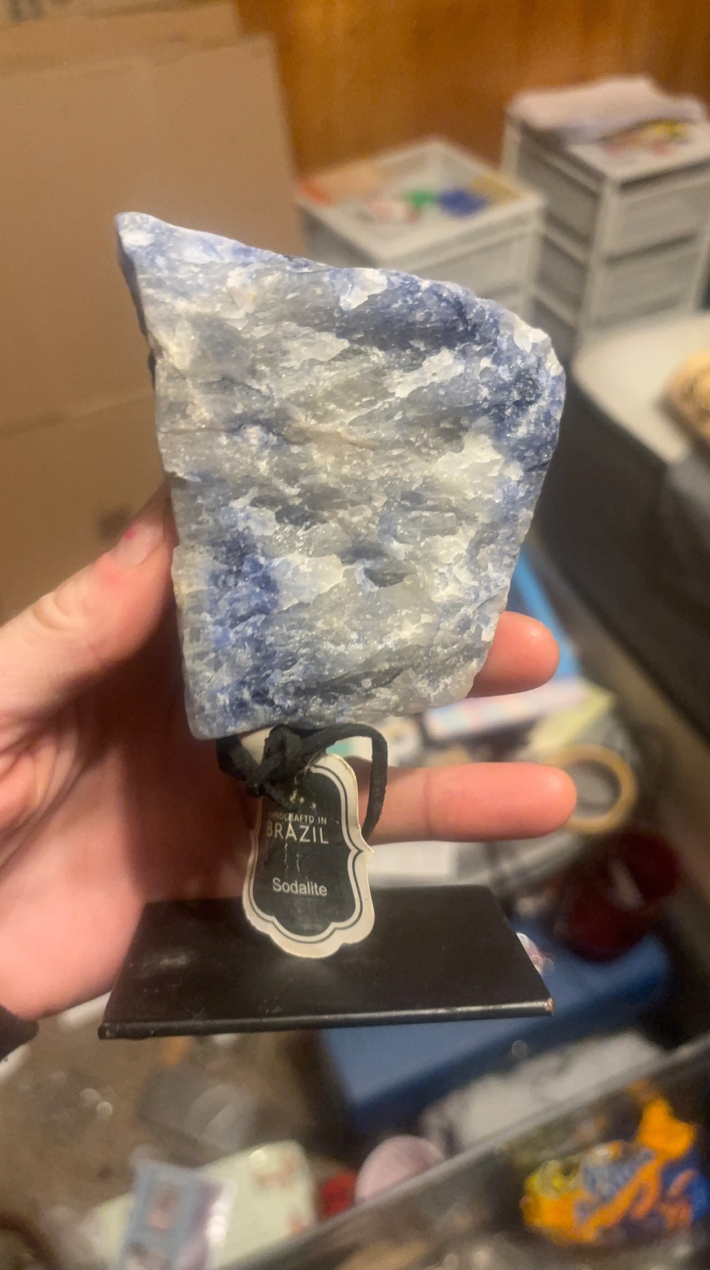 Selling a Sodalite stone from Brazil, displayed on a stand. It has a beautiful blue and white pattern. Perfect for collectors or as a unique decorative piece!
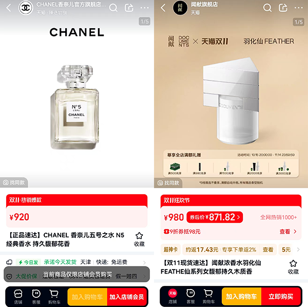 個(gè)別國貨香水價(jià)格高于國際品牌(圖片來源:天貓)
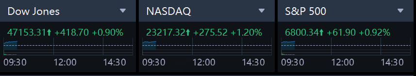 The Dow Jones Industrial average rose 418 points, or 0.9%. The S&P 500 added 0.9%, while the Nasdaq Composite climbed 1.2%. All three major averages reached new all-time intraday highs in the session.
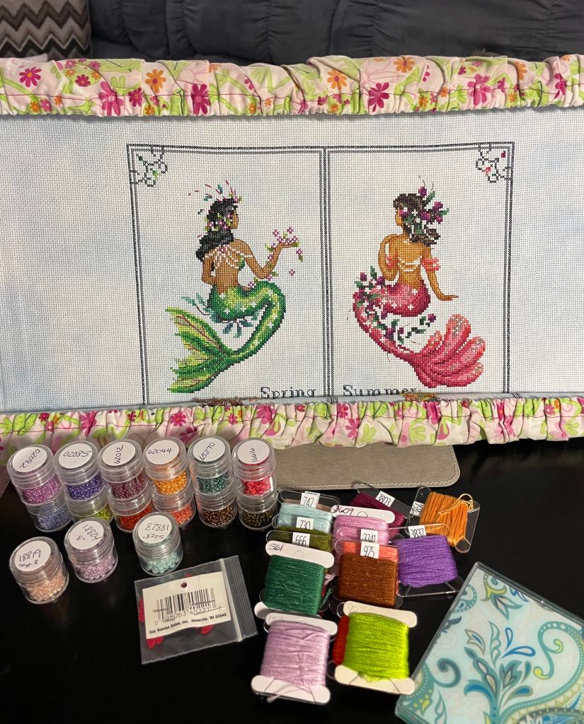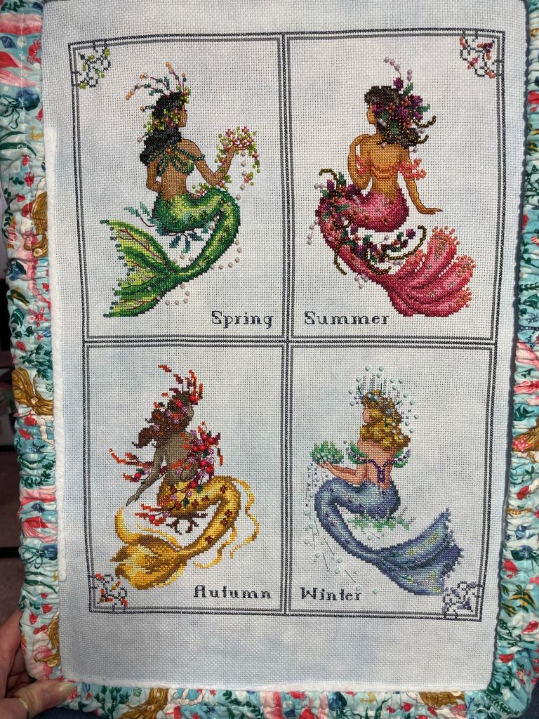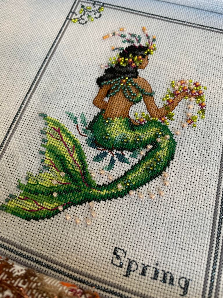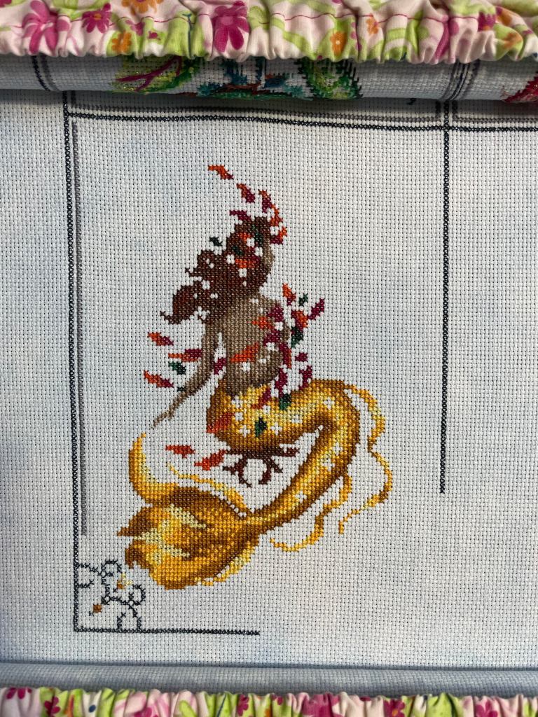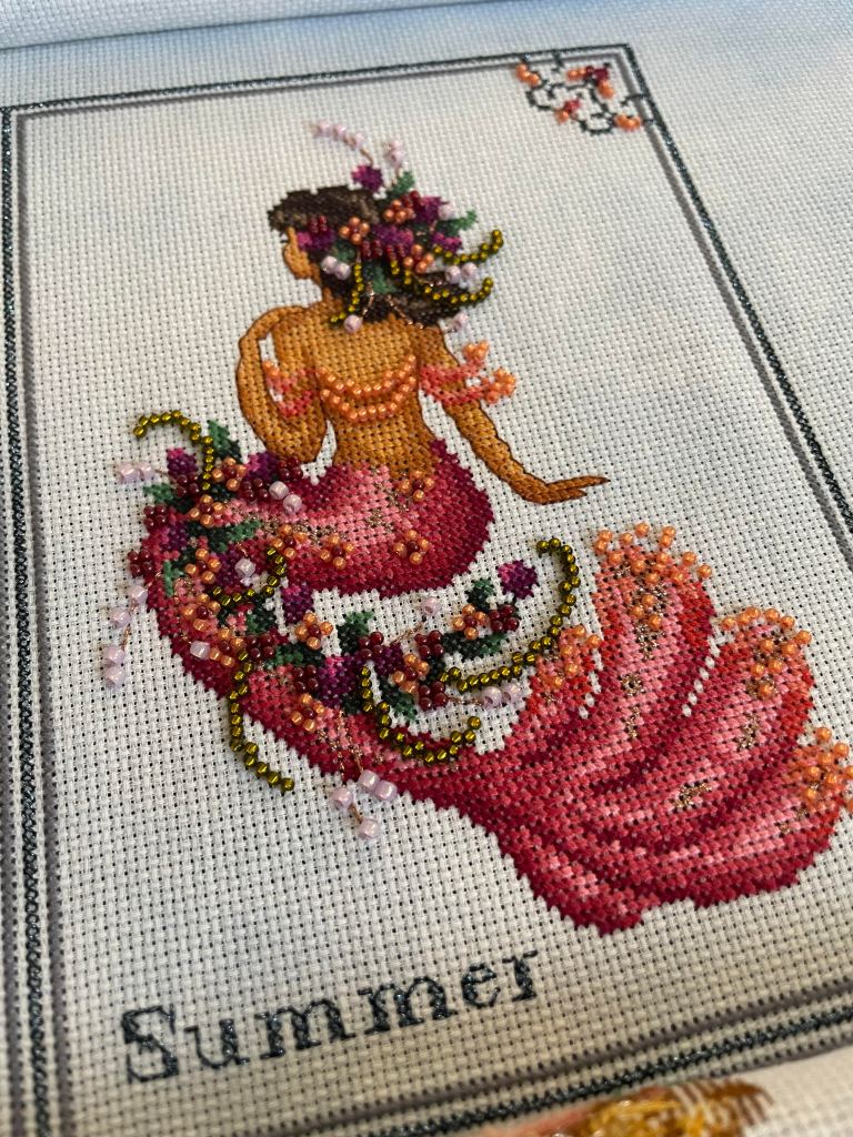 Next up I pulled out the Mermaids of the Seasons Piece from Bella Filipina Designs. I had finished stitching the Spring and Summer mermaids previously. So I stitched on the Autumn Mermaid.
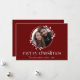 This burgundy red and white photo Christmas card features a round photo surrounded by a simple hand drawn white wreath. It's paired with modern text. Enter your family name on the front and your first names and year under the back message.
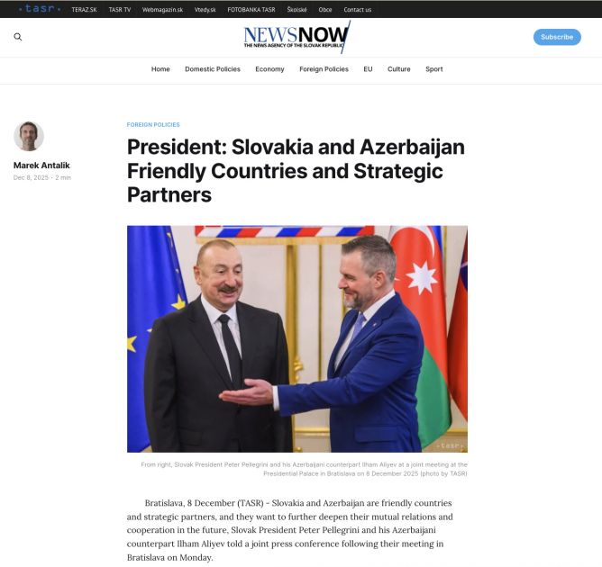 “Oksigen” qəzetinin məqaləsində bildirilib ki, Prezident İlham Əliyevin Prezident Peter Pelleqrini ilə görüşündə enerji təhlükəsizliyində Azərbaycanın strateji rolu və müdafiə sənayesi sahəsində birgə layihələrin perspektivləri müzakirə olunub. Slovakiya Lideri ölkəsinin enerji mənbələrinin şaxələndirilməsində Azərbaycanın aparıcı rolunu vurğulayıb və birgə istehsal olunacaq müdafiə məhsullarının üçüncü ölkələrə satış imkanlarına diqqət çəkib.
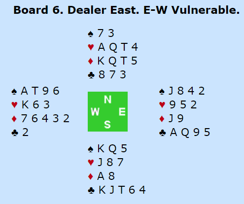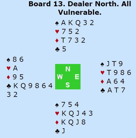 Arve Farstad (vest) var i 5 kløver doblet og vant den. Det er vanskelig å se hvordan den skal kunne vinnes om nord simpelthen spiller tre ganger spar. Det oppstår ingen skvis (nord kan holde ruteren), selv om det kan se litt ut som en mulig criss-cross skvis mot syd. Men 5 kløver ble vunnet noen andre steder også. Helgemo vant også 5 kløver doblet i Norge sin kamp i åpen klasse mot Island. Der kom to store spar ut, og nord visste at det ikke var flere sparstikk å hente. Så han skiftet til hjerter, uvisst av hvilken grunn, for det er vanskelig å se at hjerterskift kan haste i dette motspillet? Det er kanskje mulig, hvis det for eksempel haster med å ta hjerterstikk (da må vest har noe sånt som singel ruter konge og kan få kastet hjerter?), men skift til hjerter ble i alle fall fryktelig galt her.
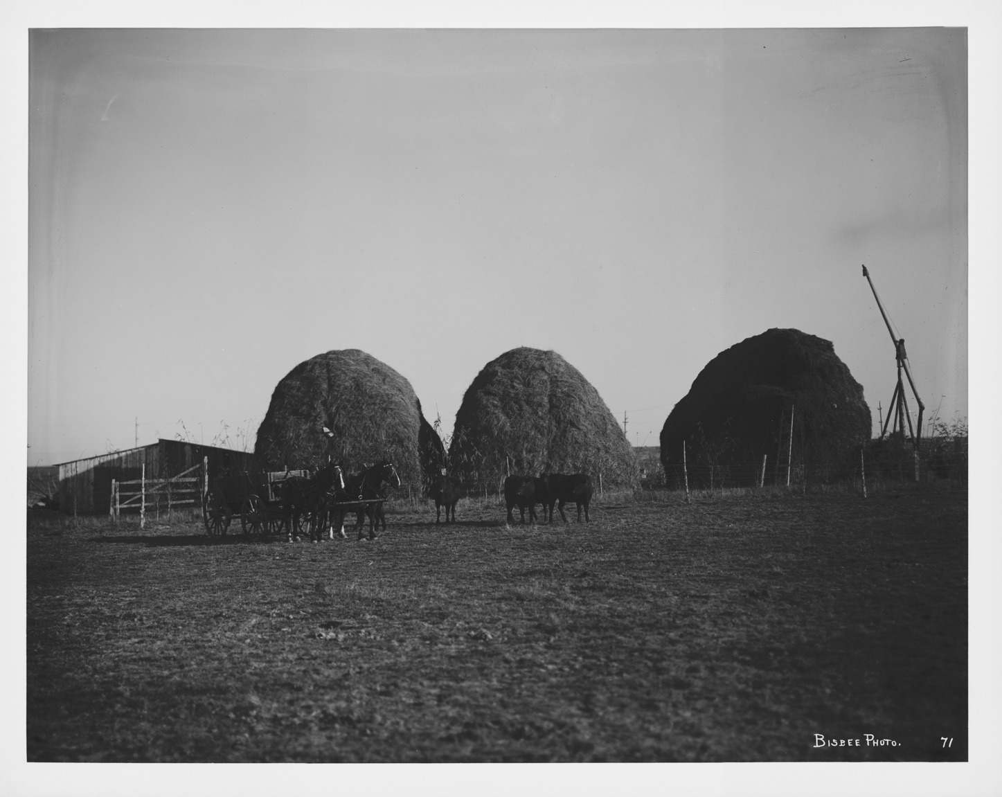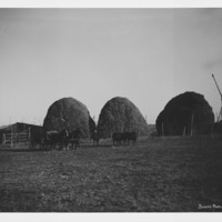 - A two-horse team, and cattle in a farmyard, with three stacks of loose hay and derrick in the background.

────────────────────────────────────────

Except for the pictures, copy the material above exactly.

> _ANSWER BOX_:
 Selling a Sodalite stone from Brazil, displayed on a stand. It has a beautiful blue and white pattern. Perfect for collectors or as a unique decorative piece!
 個(gè)別國貨香水價(jià)格高于國際品牌(圖片來源:天貓)
 The Dow Jones Industrial average rose 418 points, or 0.9%. The S&P 500 added 0.9%, while the Nasdaq Composite climbed 1.2%. All three major averages reached new all-time intraday highs in the session.
 Next up I pulled out the Mermaids of the Seasons Piece from Bella Filipina Designs. I had finished stitching the Spring and Summer mermaids previously. So I stitched on the Autumn Mermaid.
 This burgundy red and white photo Christmas card features a round photo surrounded by a simple hand drawn white wreath. It's paired with modern text. Enter your family name on the front and your first names and year under the back message.
 “Oksigen” qəzetinin məqaləsində bildirilib ki, Prezident İlham Əliyevin Prezident Peter Pelleqrini ilə görüşündə enerji təhlükəsizliyində Azərbaycanın strateji rolu və müdafiə sənayesi sahəsində birgə layihələrin perspektivləri müzakirə olunub. Slovakiya Lideri ölkəsinin enerji mənbələrinin şaxələndirilməsində Azərbaycanın aparıcı rolunu vurğulayıb və birgə istehsal olunacaq müdafiə məhsullarının üçüncü ölkələrə satış imkanlarına diqqət çəkib.
 Arve Farstad (vest) var i 5 kløver doblet og vant den. Det er vanskelig å se hvordan den skal kunne vinnes om nord simpelthen spiller tre ganger spar. Det oppstår ingen skvis (nord kan holde ruteren), selv om det kan se litt ut som en mulig criss-cross skvis mot syd. Men 5 kløver ble vunnet noen andre steder også. Helgemo vant også 5 kløver doblet i Norge sin kamp i åpen klasse mot Island. Der kom to store spar ut, og nord visste at det ikke var flere sparstikk å hente. Så han skiftet til hjerter, uvisst av hvilken grunn, for det er vanskelig å se at hjerterskift kan haste i dette motspillet? Det er kanskje mulig, hvis det for eksempel haster med å ta hjerterstikk (da må vest har noe sånt som singel ruter konge og kan få kastet hjerter?), men skift til hjerter ble i alle fall fryktelig galt her.
 - A two-horse team, and cattle in a farmyard, with three stacks of loose hay and derrick in the background.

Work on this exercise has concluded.